#### Aim of the task
Begin with the first line below and retype each line exactly through the line containing "U ponudi imamo". Any pictures are to be left out.

#### Input data

++++++++++

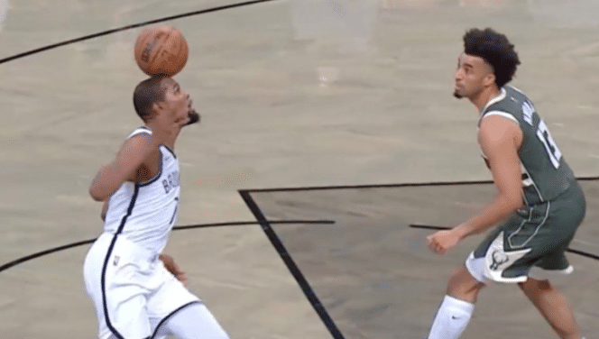 杜兰特首秀!摁帽字母哥哥,搞笑一幕:用头运球后完美助攻
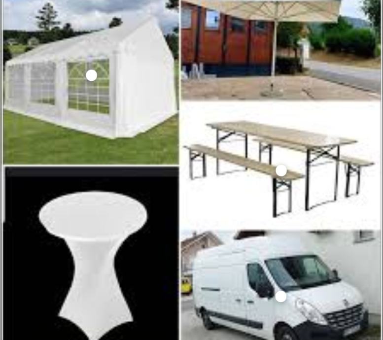 U ponudi imamo preko 40 šatora i pagoda, barske stolove, pivske setove, napuhance, suncobrane, ukrasne baldahine, rasvjetu, stolove za catering, rashladne vitrine, stolice, stolnjake i navlake, beštek, tanjure, čaše itd.
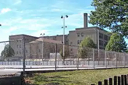 This historic school building was designed by Irwin T. Catharine and was built between 1929 and 1930. A three-story, eight-bay, yellow brick building in the Art Deco style, it features an arched entryway with terra cotta trim, terra cotta cornice, and brick parapet.[2] It was named for patriot Ethan Allen.

++++++++++

#### The completed task
 杜兰特首秀!摁帽字母哥哥,搞笑一幕:用头运球后完美助攻
 U ponudi imamo preko 40 šatora i pagoda, barske stolove, pivske setove, napuhance, suncobrane, ukrasne baldahine, rasvjetu, stolove za catering, rashladne vitrine, stolice, stolnjake i navlake, beštek, tanjure, čaše itd.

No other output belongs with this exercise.